Ideologically, Trump is a fascist: racist, antidemocratic, authoritarian, and an instrumental (conscious) liar. Psychologically, he is a megalomaniac. Combined, these two traits are the worst imaginable. That is why Trump is so dangerous and why he is by far the number-one security threat to our nation.
In “Macbeth,” Shakespeare leaves no doubt in our minds about how villainous and willful his protagonist is. We need to see Trump in the same light.
After being shell-shocked into passivity for months following the November election, Americans are fighting back in numerous ways. The most important of these are the many demonstrations throughout the country. The “Hands Off” protest on April 5, which involved as many as 3 million people, signaled unmistakably that Americans are not going to roll over and play dead.
But, predictably, even 3 million people weren’t enough to halt Trump. Since April 5, he has continued to eviscerate our democracy, including disobeying a Supreme Court ruling to facilitate the release from custody of Kilmar Abrego Garcia, who was illegally deported—or, more accurately, abducted—to El Salvador.
So where does the resistance go from here? What is the next step?
My answer is mass, nonviolent civil disobedience. I didn’t come to this conclusion lightly, because I consider the breaking of any law in a democratic society a very serious matter. But what Trump is doing is so grave that he must be stopped at all cost, and the only way to do this is to match his power with greater countervailing force.
The United States has a long and noble tradition of civil disobedience. Many times it has been used to fight injustice, but three historic events stand out in particular: the American colonists’ defiance of King George III leading up to the Revolution; Henry David Thoreau’s refusal to pay a poll tax to protest slavery and our country’s imperial war against Mexico; and the Civil Rights crusade of the 1950s and ’60s. In each case, the higher law of moral conscience dictated the breaking of established law.

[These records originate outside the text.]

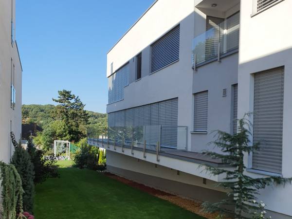 Byt č. 1 na 1. NP:Exkluzívny 3- a 4-izbový byt v rezidenčnom rodinnom dome Vila Terézia, určený na dlhodobý nájom, sa nachádza na Tajovského ulici v najlukratívnejšej rezidenčnej zóne Bratislavy v oblasti Slavína, Horského parku a Kalvárie. Preslnený byt je situovaný východo-juhozápadným smerom na miernom svahu Kalvárie s výhľadom do údolia Horského parku. Z terasy s rozlohou 40 m2 obklopujúcou dve strany bytu je jedinečný výhľad na údolie a zeleň Horského parku. Byt s úžitkovou plochou 134 m2 a celkovou plochou 174 m2 je situovaný na 1. nadzemnom podlaží rezidenčnej vily postavenej iba s tromi bytmi. Byt sa ponúka zariadený a pozostáva z otvorenej dispozície kuchyne so všetkými zabudovanými spotrebičmi, z jedálenskej a obývacej časti, 2 izieb (z ktorých je jednu izbu možné interiérovo rozdeliť na dve samostatné izby) a 2 kúpeľní s toaletami. K bytu prislúcha vlastný priestranný sklad (pivničná kobka) s výmerou 6,50 m2. Súčasťou vybavenia bytu sú klimatizácia, podlahové kúrenie, vstavané skrine a hliníkové okná s externými žalúziami. Byt má vlastný zabezpečovací systém. Slnečné kolektory na ohrev teplej vody výrazne napomáhajú zníženiu nákladov na energie. Parkovanie je zabezpečené na vlastnom dvore a v garáži, ktorá je súčasťou rodinného domu. Veľká vnútorná záhrada s vonkajším záhradným prístreškom s prívodom vody a elektriny, schovaná za domami, vytvára súkromné zázemie na oddych, záhradné grilovanie, bezpečné hry detí spojené s možnosťou zapojiť sa do pestovania a zberu ovocia a zeleniny. Tichá lokalita a výborná dostupnosť do centra mesta (mikrobusom MHD), blízkosť obchodných centier a výborných škôl ponúkajú kvalitné bývanie pre najnáročnejších klientov.
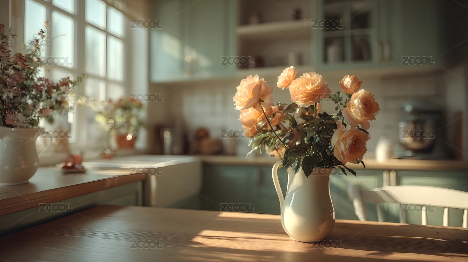 一束鲜艳的玫瑰花摆放在厨房桌上的花瓶中
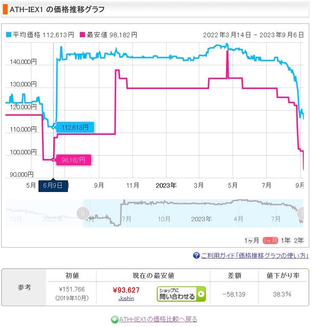 鐵三角三年前出的旗艦入耳式耳機目前日亞折扣加運費與預繳關稅日幣92,386元,換算台幣大概兩萬,根據價格.com的圖表應該是相對低價(或者還有更低lol),不知道台灣會不會也有這樣的出清價
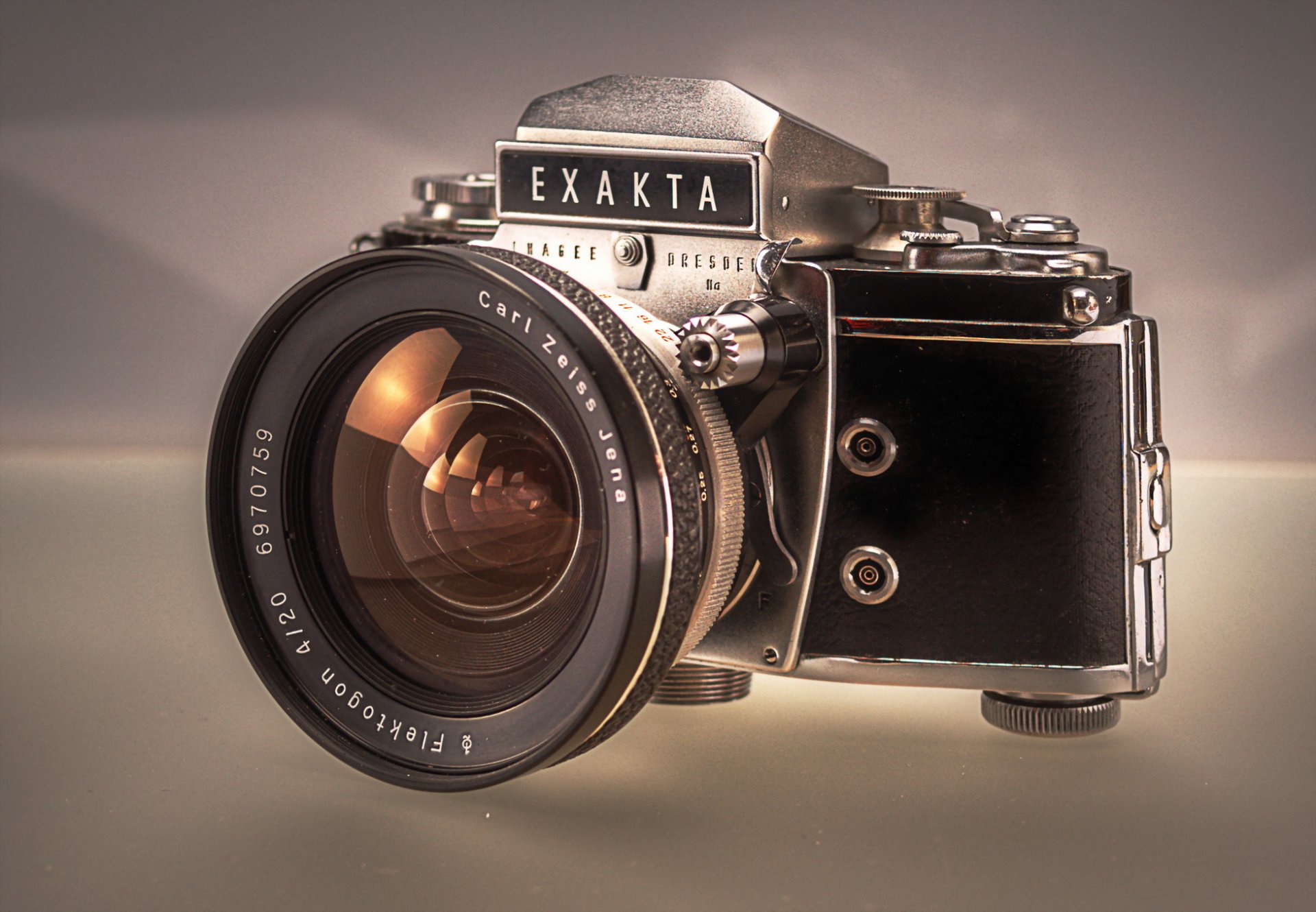 Makroaufnahme einer alten Kamera auf weißem Hintergrund

I experienced first-hand the power of civil disobedience to bring about change as a civil rights worker in Mississippi in 1965. Three times that summer I broke the law. The first was in Jackson, the state capital, where I blocked traffic with hundreds of other demonstrators. The second time was in jail when, along with scores of others, I resisted state troopers who were trying to remove our leaders, including Stokely Carmichael, from us. And the third time was in Natchez, when I was part of a group that attempted to desegregate the city’s only park with a swimming pool. None of the actions was immediately successful, but they were part of a relentless campaign of civil disobedience that ultimately won many of its goals. Thanks in large part to civil disobedience, Mississippi and the South are dramatically different today from what they were 50 years ago.
History has conclusively shown that nonviolent civil disobedience can be a game changer. One need only think of Gandhi. But for it to be more than an act of individual conscience, as in the case of Thoreau, it has to be, as Hannah Arendt and others have pointed out, a political movement involving large numbers of people.
Trump must be stopped in his tracks. The time for civil disobedience is now!